PBS documentary series "American Experience" (2015)
Length: 60 min
Director: Callie T. Wiser

On a sweltering evening in July 1977, lightening struck a Consolidated Edison substation in Yonkers, New York, setting off a disastrous chain of events that resulted in massive power failure in New York City and much of neighboring Westchester County. Seven million people plunged into darkness and when the lights went out, all hell broke loose. Neighborhoods from East Harlem in Manhattan to Bedford Stuyvesant in Brooklyn were devastated. Shops were looted, windows were smashed, and cars and buildings were set on fire. Since then, many have identified the blackout of 1977 as New York City’s darkest hour.

How can we explain such a social phenomenon? This question is central to Blackout, a part of the new PBS documentary series, “American Experience.”

Blackout is a thoughtful and well-balanced documentary that brings together eyewitness accounts and archival footage. First responders, Con Ed employees, journalists, local residents, and shop owners tell their stories of what happened when the lights went out. Eyewitness experiences vary wildly based on location—some remember violence, chaos, and despair, while others remember spontaneous gatherings, singing, and neighborhood barbecues.

One of the eyewitnesses interviewed in Blackout is Kevin Zraly who was working as a wine steward at Windows On the World on the 107th floor of the World Trade Center at the time. He recalled watching how the lights went off borough by borough. Zraly’s boss provided sweaty customers (the air conditioning had stopped and the city was experiencing a heat wave) with free champagne and instructed the band to keep playing by candlelight.

In the absence of television or radio announcements, the diners were blissfully unaware of the rapidly escalating situation on the other side of the East River.
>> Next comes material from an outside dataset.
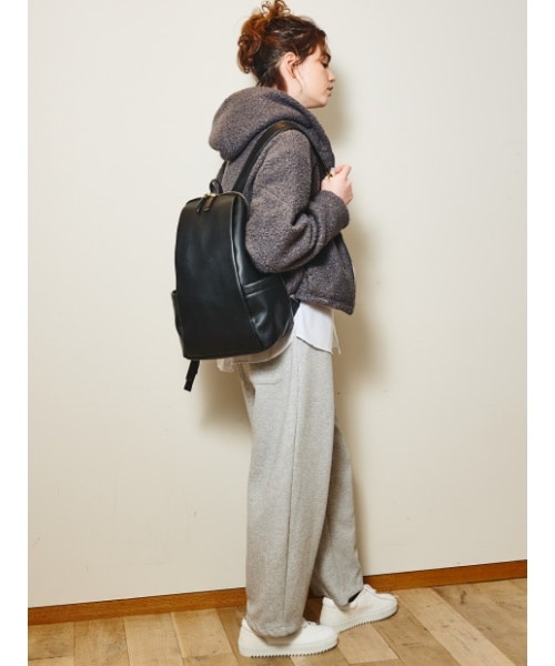カラ―:ブラック スウェットコーデのカジュアルスタイル。ブラックのリュックを合わせ、シンプルで落ち着いた印象に。機能性抜群の10個のポケットを備え、日常の様々なシーン(オフィスBAG、ママBAG等)で活躍します。

In central Brooklyn, the first shops were looted within 30 minutes, according to local resident, Chris Vanager. He remembered hearing bumping noises outside of his apartment and when his mother opened the front door, they saw neighbors coming up the staircase with television sets, refrigerators, and record players.

Police officer Patrick Marshall, who was on the street at the time, recalled people everywhere, hundreds per block. While Con Ed frantically tried to get the power restored—a difficult task hindered by the fact that the energy restoration plan hadn’t been updated since 1965—police officers and fire fighters were instructed to do the best they could. Without an overview of the situation (no one knew exactly how widespread the blackout was) and clear instructions, it wasn’t easy said Marshall, who tried to stop the looting.

“We had sticks,” he said. “We had our hands. You’d grab people and just toss them out. We were so outnumbered, we’d push them back as far as we could. After a while there was, what can you do? It was insanity.”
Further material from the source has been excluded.